By C.M. Paul.

Birmingham (UK) – A Mother Teresa scholar in Birmingham, UK, has taken on writer Kitty Wenham – a London-based activist who was raised Catholic – who made claims in a feminist site that ‘Mother Teresa was a hypocrite with no real interest in helping people – and a symbol of white supremacy to boot.’

A post on the Babe website, (25 November 2016), which has a huge audience of millennial women, claimed that St Teresa of Calcutta – who was declared a saint on 4th September this year – is as morally bankrupt as medieval crusaders, and did willful violence to the people she cared for.

Wenham further accuses Mother Teresa of ‘being a hypocrite because she accepted high-quality healthcare when she was dying.’

One of the most authoritative Mother Teresa scholar and author Prof. Gezim Alpion of Birmingham University expressed his dismay when Matters India asked for a reaction.

“Mother Teresa, a white supremacist! And I thought I had heard every vitriolic remark against this woman!,” said the Mother Teresa country man.

Dr Alpion explains: “How could have Mother Teresa been a white supremacist when her stuck-up Irish Loreto nuns found it impossible to consider her as European ‘enough’ thanks to their ignorance and bigotry, from 1929 until 1948, when she finally broke free? Would a white supremacist highlight poverty in the West as much as in other parts of the world as Mother Teresa did with such candour and consistency from the moment the Vatican allowed her to open homes outside India in 1967?”

He further argues: “Had Mother Teresa been a white supremacists, the Indian women, especially the rich and famous, who worked with and loved her for 69 years, would have cut her down to size.”

Dr Alpion who has interacted with several key Mother Teresa contemporaries in India asserts: “Over the years I have had the opportunity to meet a number of Indian women in India and in several countries who were close to Mother Teresa. None of them has ever alluded that she displayed any sign of being a white supremacist.”

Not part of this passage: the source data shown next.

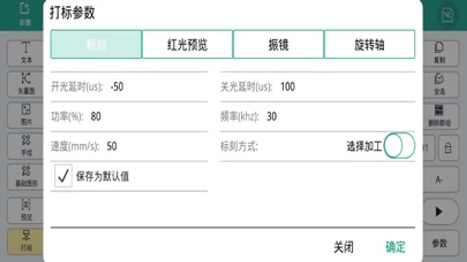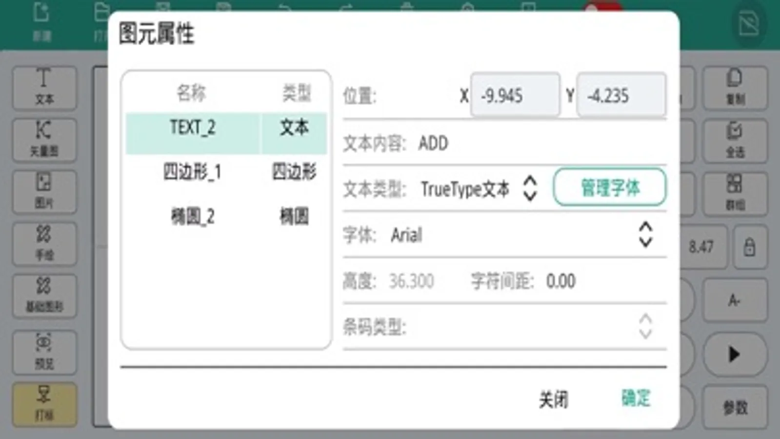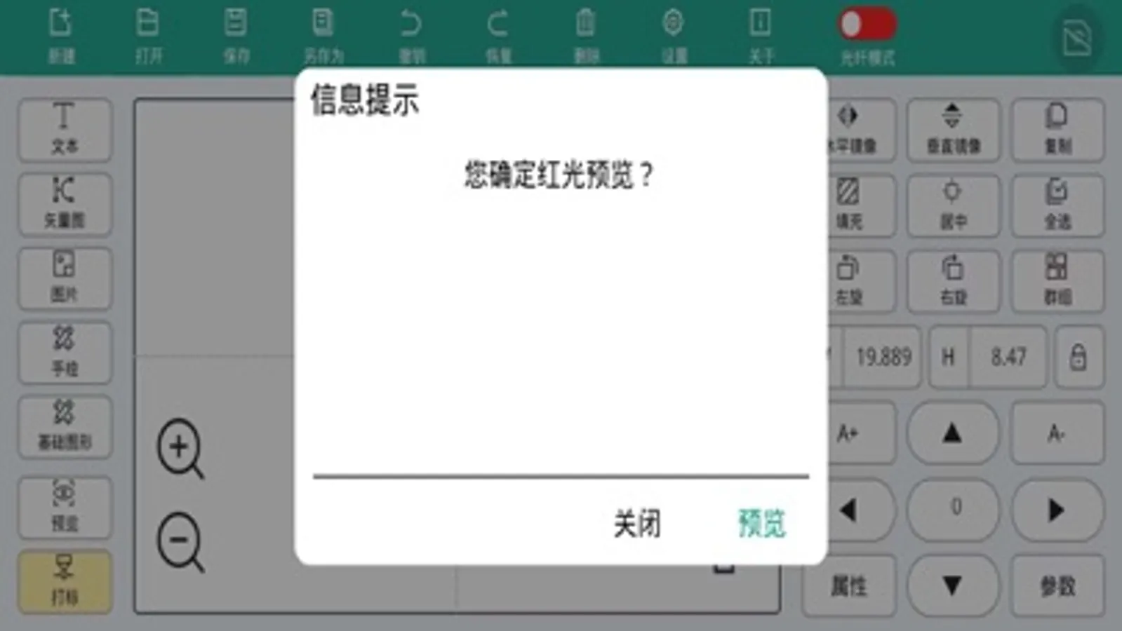 ADD Mark 支持文字,图形,矢量图,图片以及二维码的编辑,并且可对图形进行复制,移动,旋转,镜像,放大,缩小,填充等操作。用户也可快速编辑激光打标文档,通过WIFI传输到设备上进行打标。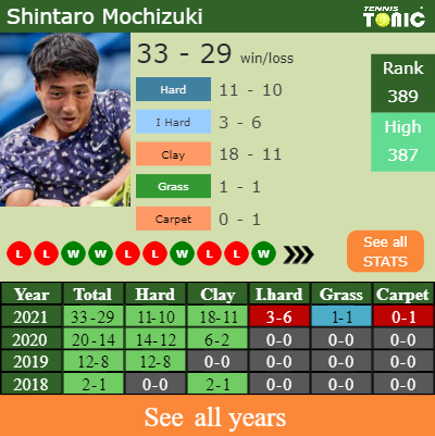 Mochizuki has a winning record in the last 4 years having won 56% of his matches (67-52). 3-6 on indoor hard courts in 2021. Regarding his performance on the same surface of this event, Mochizuki has a composed3-6 record in the last 4 years on indoor hard courts.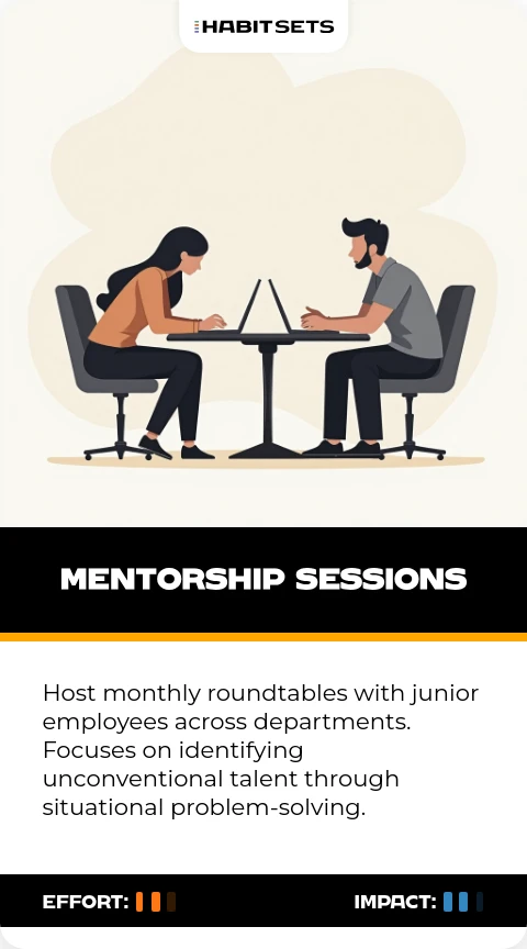 Host monthly roundtables with junior employees across departments. Focuses on identifying unconventional talent through situational problem-solving.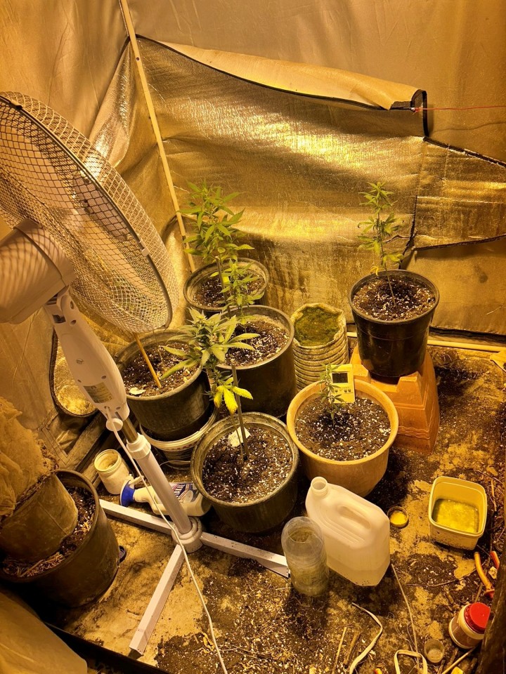 • 6 φυτά κάνναβης, εντός ειδικά διαμορφωμένου δωματίου μέσα σε γλάστρες.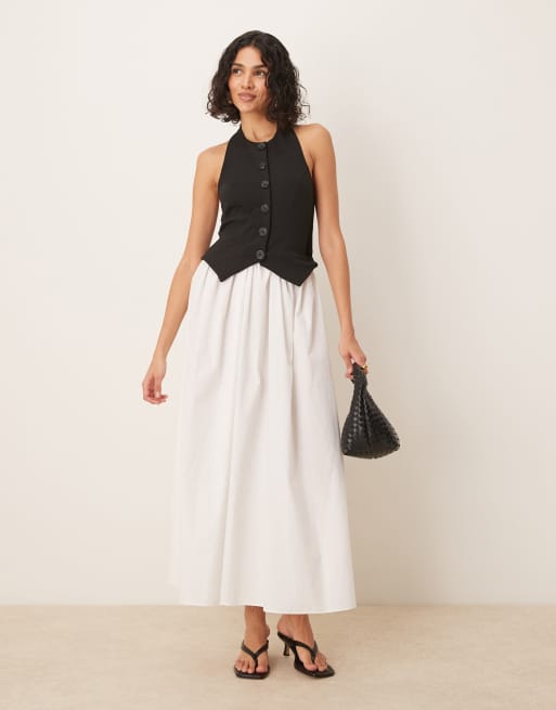 ASOS DESIGN - Hvid midikjole med sort habitvestedetalje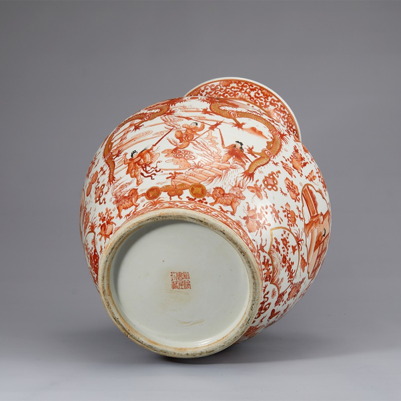 The mouth and the shoulder are colored bright red with gilt gold, the lower foot is decorated with floral scrolls, and the neck is decorated with court lady figures. There are two dragons, an auspicious animal, and butterflies designed as a frame on the front and the back, and inside are figures sailing above the sea. There is an inscription on the base that says, "Xi Yinshuwu Zhencang(惜陰書屋珍藏)." 惜陰書屋珍藏 refers to a precious collected item that belongs to Xi Yinshuwu, located in Qinhui Park (清晖园), Guangdong Province in China. Xi Yinshuwu means "A library that cherishes time." Qinhui park is one of Guangdong's four famous gardens including, Foshan Liangyuan(佛山梁園), Panyu Yuyin Shanfang(番禺余蔭山房), Dongguan Keyuan(東莞可園).
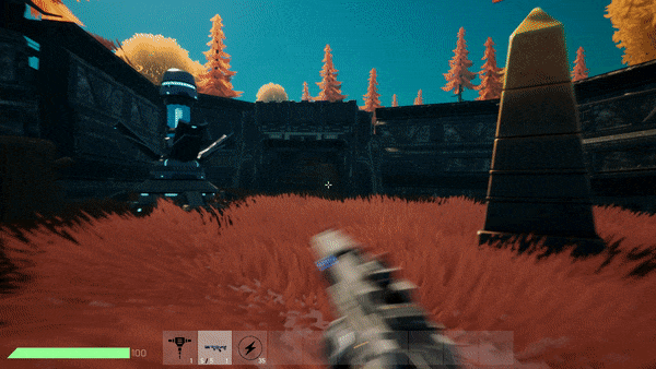 To protect their spawn each team must build around it and place defenses. Place high external walls to prevent players without a jetpack from getting in, stairs to have the high ground on your enemy or turrets to blast any enemy in a close radius. There are other building parts such as walls, a vehicule pad, corridors, doors and so on.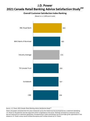TORONTO--(BUSINESS WIRE)--Les banques de détail canadiennes ont trouvé une formule efficace pour satisfaire leurs clients en leur fournissant des conseils financiers à un moment où nombre d'entre eux en ont grandement besoin. Selon l'étude de J.D. Power sur la satisfaction à l'égard des conseils fournis par les banques de détail au Canada en 2021,SM publiée par aujourd'hui, 74 % des clients qui bénéficient de conseils de leur banque mettent ces conseils en pratique. Ce résultat est d’autant plus intéressant que seulement 39 % des clients des banques de détail canadiennes ont une bonne santé financière et seulement 42 % réussissent un test de littératie financière de base.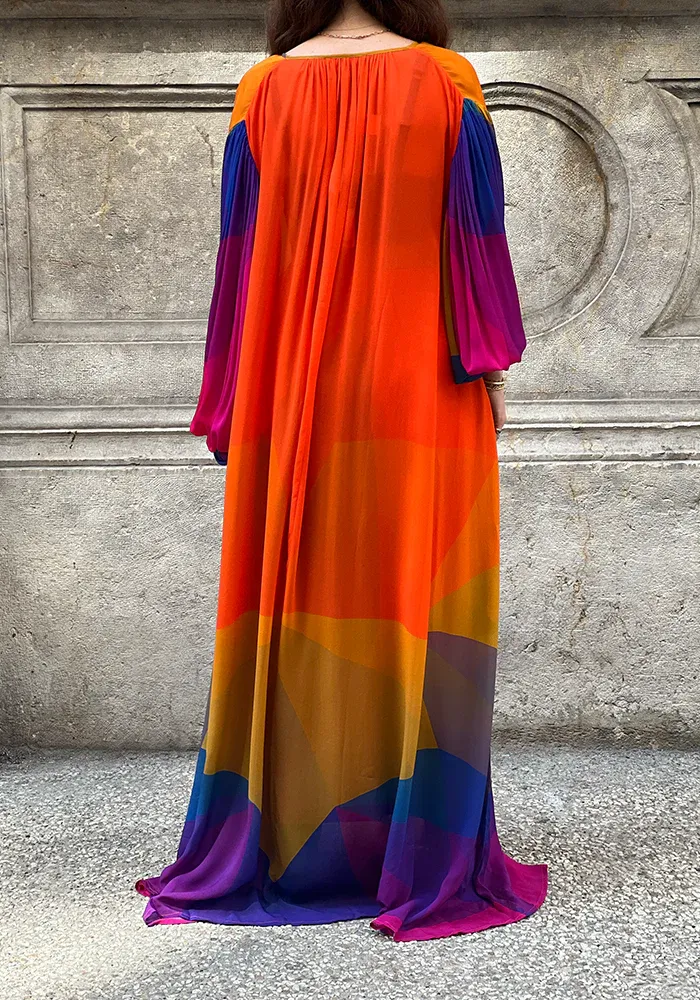 Ensemble Naila 2 Biais Laoun D avec une robe longue à nouer autour du cou avec des manches bouffantes et une jupe droite assortie.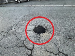 現地を確認したところ、道路上に大きく深い穴ぼこが確認されました。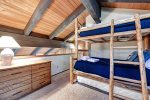 The loft is open to the living room below by a half wall and includes a set of bunk beds (twin on top, full on bottom), a twin pull-out bed, and the second full bathroom. An additional flat-screen Smart TV is located in the primary bedroom.
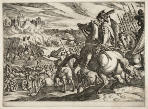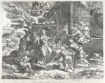 Acquaforte e bulino. mm 365x458. Foglio: mm 375x465. In basso al centro "P. Stephanonius. for:" in basso a destra la firma e la data di esecuzione "Girardo Fontana / Fredo Fecit 1579.". Da invenzione di Polidoro da Caravaggio. Copia in controparte dall'incisione di Cornelius Cort. Tiratura ottocentesca dai rami della Calcografia Nazionale su carta con filigrana "fiore di giglio in doppio cerchio" e "grande stemma". SI AGGIUNGE: Antonio Tempesta (Firenze, 1555-Roma, 1630). Scena di battaglia. Acquaforte. mm 237x326. Foglio: mm 263x360. Ottima impressione su carta vergellata. (2) OPERA 1: Piccoli margini oltre la battuta del rame. Traccia di piega verticale al centro. Tracce d'uso. OPERA 2: Grandi margini. Ottima conservazione.
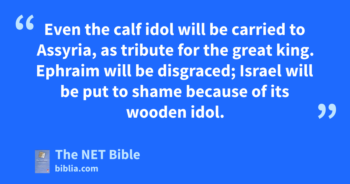 10:5 The inhabitants8 of Samaria will lament9 over the calf idol10 of Beth Aven.11
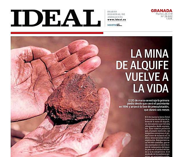 La portada del periódico IDEAL del pasado martes 26 de marzo devolvió la esperanza a toda la comarca del Marquesado y de Guadix. Con el título «La mina de Alquife vuelve a la vida», se mostraba una fotografía a toda página de dos manos que muestran una piedra, todo envuelto en una atmósfera rojiza que todos los que conocen Alquife saben que es el color de su tierra.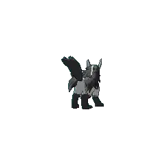 Mightyena is a quadrupedal Pokémon that is based on a hyena. Its fur is mostly short and gray, but there is shaggy black fur on its lower legs, tail, and in two thick strips starting behind its eyes and running the length of its body. It has dark, triangular streak patterns below its eyes, which are red with yellow sclerae. Its ears are rhombus-shaped with dark insides, its nose is red, and it has gray paw pads.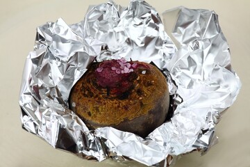 Raw red beet prepared for baking in the oven. Red beetroot wrapped in aluminum foil for cooking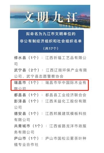 瑞昌华中国际木业荣获“九江市文明单位”荣誉称号 |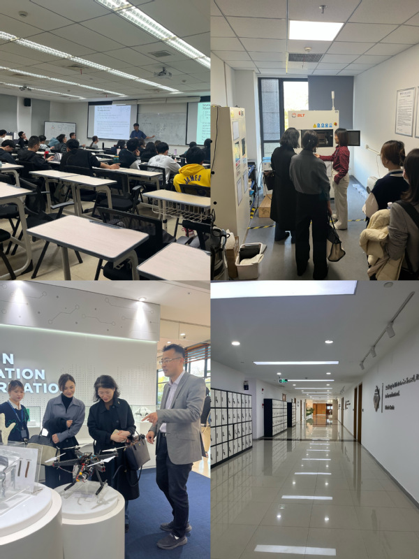 在新国立苏研院期间,我方一行参观了教学科研实验室以及文化建设空间并与项目参与学生和科研人员进行了交流,通过展示的各种照片和科创作品,我们深切感受到这里丰富多彩的校园生活、科技创新氛围和发展趋势。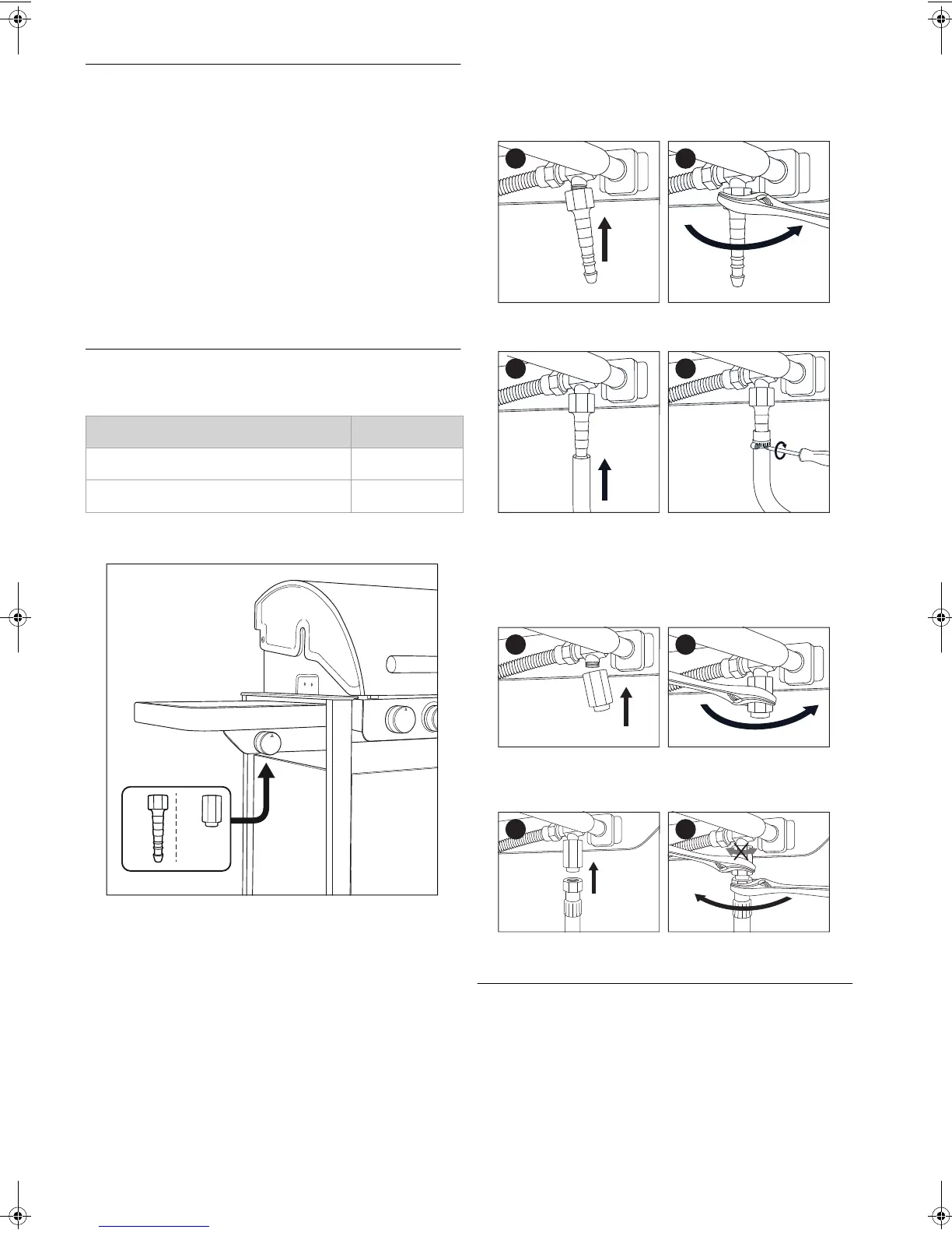 2 Screw the gas hose on the coupling (C) and tighten it with

Dr Alpion recalls with fresh memory his conversations with people connected with Mother Teresa saying:“More recently, I had a lengthy discussion on Mother Teresa on 2 September in Rome with the renowned Indian singer Usha Uthup, an eclectic believer. This artist remarked that, at no point in her many years of friendship and collaboration with Mother Teresa, did the Albanian-born nun ever mention the name of Jesus. This is how tactful this nun, who was exceptionally devoted to Christ, was when dealing with people who followed faiths other than Christianity.”

He laments, “It’s a pity that feminist criticism of Mother Teresa was biased from the start. That this bias is partially linked to the sweeping statements against her by one of the leading figures of Second Wave Feminism, makes this even more of a sad story. Germaine Greer should have known better when she called Mother Teresa a ‘religious imperialist’.”

As an enlightened academic Dr Alpion does not hesitate to admonish Mother Teresa critics saying, “In spite of some of Mother Teresa’s controversial views on women, a number of which I have taken issue with in my studies, I still believe that she is someone whose life and work feminists should look more carefully into. The Holy See always was and remains a patriarchal institution. And yet, Mother Teresa was a powerful voice to the end in this bastion of patriarchy.”

As for the accusation that she was treated in expensive hospitals, Alpion adds bemused: “Her critics apparently still don’t realise that she was one of the world’s most celebrated people.”

As a final salvo Dr Alpion, himself ‘a spiritual-rationalist’  who does not fit any particular religious labels says: ”My answer to those who accuse her of being in the company of the rich rather often, is: how can one help out the poor if one does not have the support of the rich? Or did they expect Mother Teresa to perform miracles? Well, irrespective of what the Church says, Mother Teresa is on record of saying that she never had any vision. Her devotion to the poor of all races, colours, religions, ethnicity is miraculous itself, and, in my view, the only miraculous deed she ever performed.”